Unproved reserves may be estimated assuming future economic conditions different from those prevailing at the time of the estimate. The effect of possible future improvements in economic conditions and technological developments can be expressed by allocating appropriate quantities of reserves to the probable and possible classifications.
Probable Reserves
Probable reserves are those unproved reserves which analysis of geological and engineering data suggests are more likely than not to be recoverable. In this context, when probabilistic methods are used, there should be at least a 50% probability that the quantities actually recovered will equal or exceed the sum of estimated proved plus probable reserves.
In general, probable reserves may include (1) reserves anticipated to be proved by normal step-out drilling where sub-surface control is inadequate to classify these reserves as proved, (2) reserves in formations that appear to be productive based on well log characteristics but lack core data or definitive tests and which are not analogous to producing or proved reservoirs in the area, (3) incremental reserves attributable to infill drilling that could have been classified as proved if closer statutory spacing had been approved at the time of the estimate, (4) reserves attributable to improved recovery methods that have been established by repeated commercially successful applications when (a) a project or pilot is planned but not in operation and (b) rock, fluid, and reservoir characteristics appear favorable for commercial application, (5) reserves in an area of the formation that appears to be separated from the proved area by faulting and the geologic interpretation indicates the subject area is structurally higher than the proved area, (6) reserves attributable to a future workover, treatment, re-treatment, change of equipment, or other mechanical procedures, where such procedure has not been proved successful in wells which exhibit similar behavior in analogous reservoirs, and (7)

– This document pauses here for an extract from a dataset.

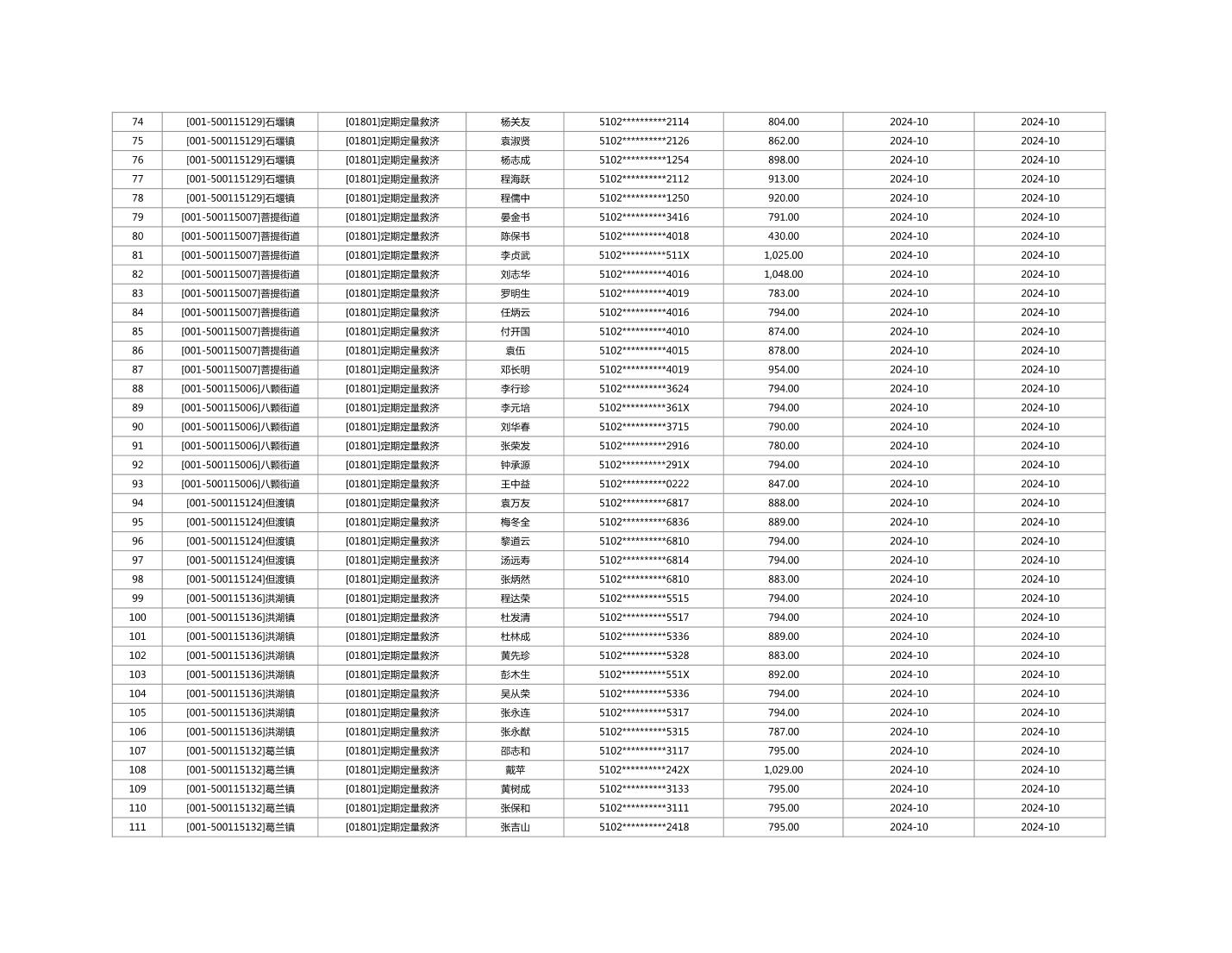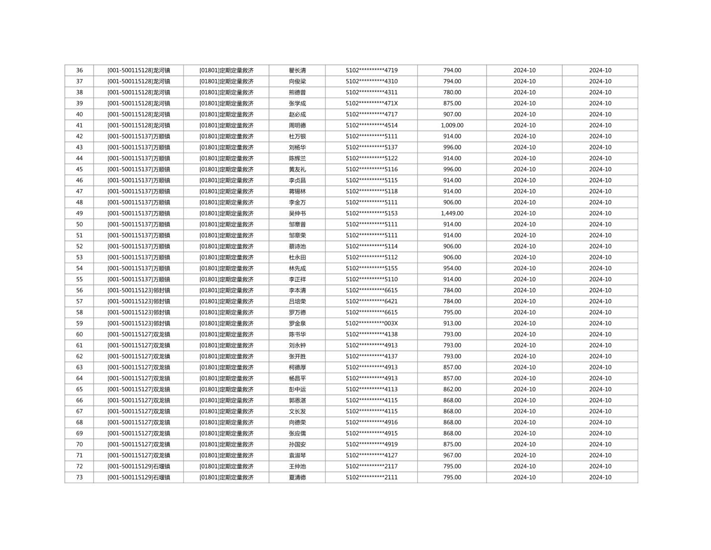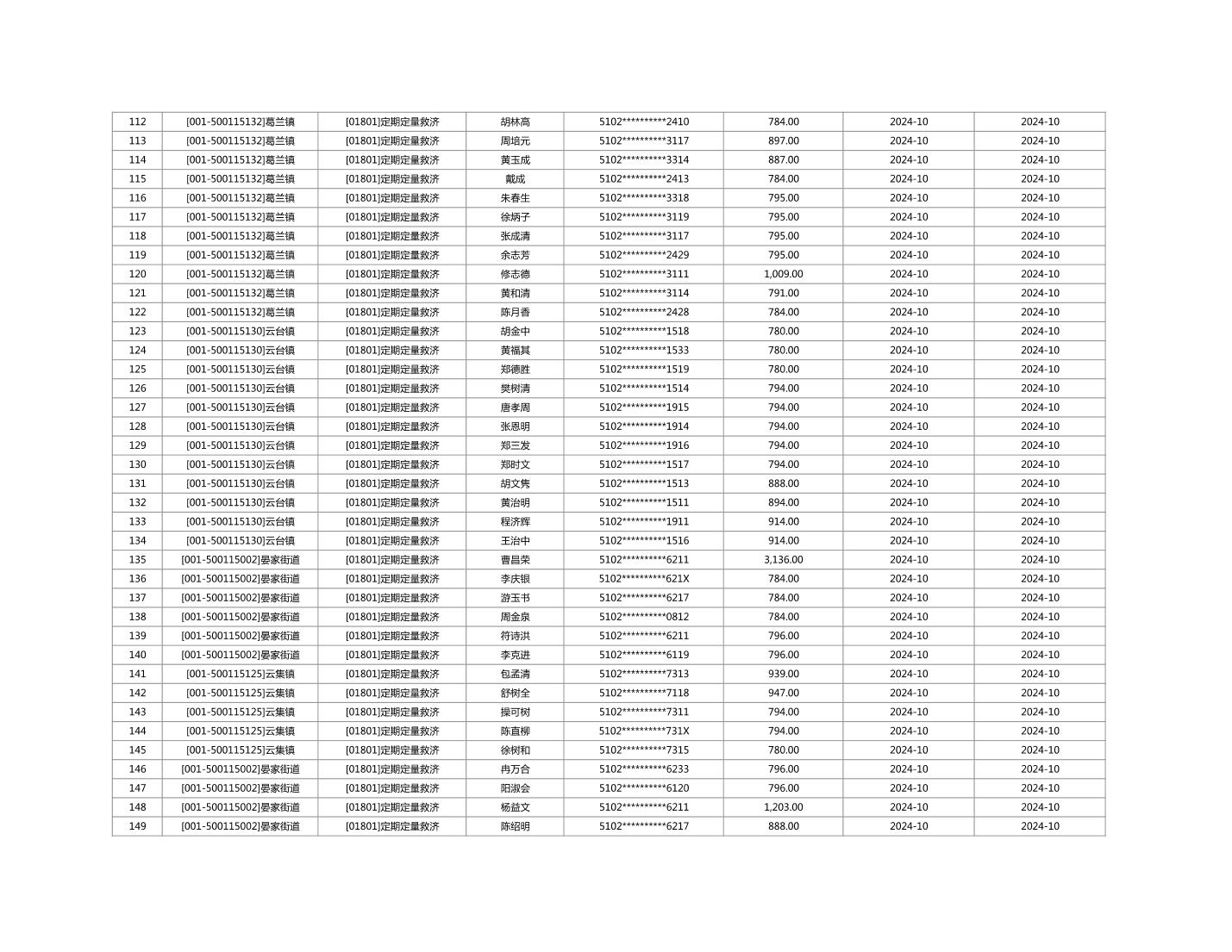2024年10月重庆市长寿区定期定量救济金发放情况

incremental reserves in proved reservoirs where an alternative interpretation of performance or volumetric data indicates more reserves than can be classified as proved.
Possible Reserves
Possible reserves are those unproved reserves which analysis of geological and engineering data suggests are less likely to be recoverable than probable reserves. In this context, when probabilistic methods are used, there should be at least a 10% probability that the quantities actually recovered will equal or exceed the sum of estimated proved plus probable plus possible reserves.
In general, possible reserves may include (1) reserves which, based on geological interpretations, could possibly exist beyond areas classified as probable, (2) reserves in formations that appear to be petroleum bearing based on log and core analysis but may not be productive at commercial rates, (3) incremental reserves attributed to infill drilling that are subject to technical uncertainty, (4) reserves attributed to improved recovery methods when (a) a project or pilot is planned but not in operation and (b) rock, fluid, and reservoir characteristics are such that a reasonable doubt exists that the project will be commercial, and (5) reserves in an area of the formation that appears to be separated from the proved area by faulting and geological interpretation indicates the subject area is structurally lower than the proved area.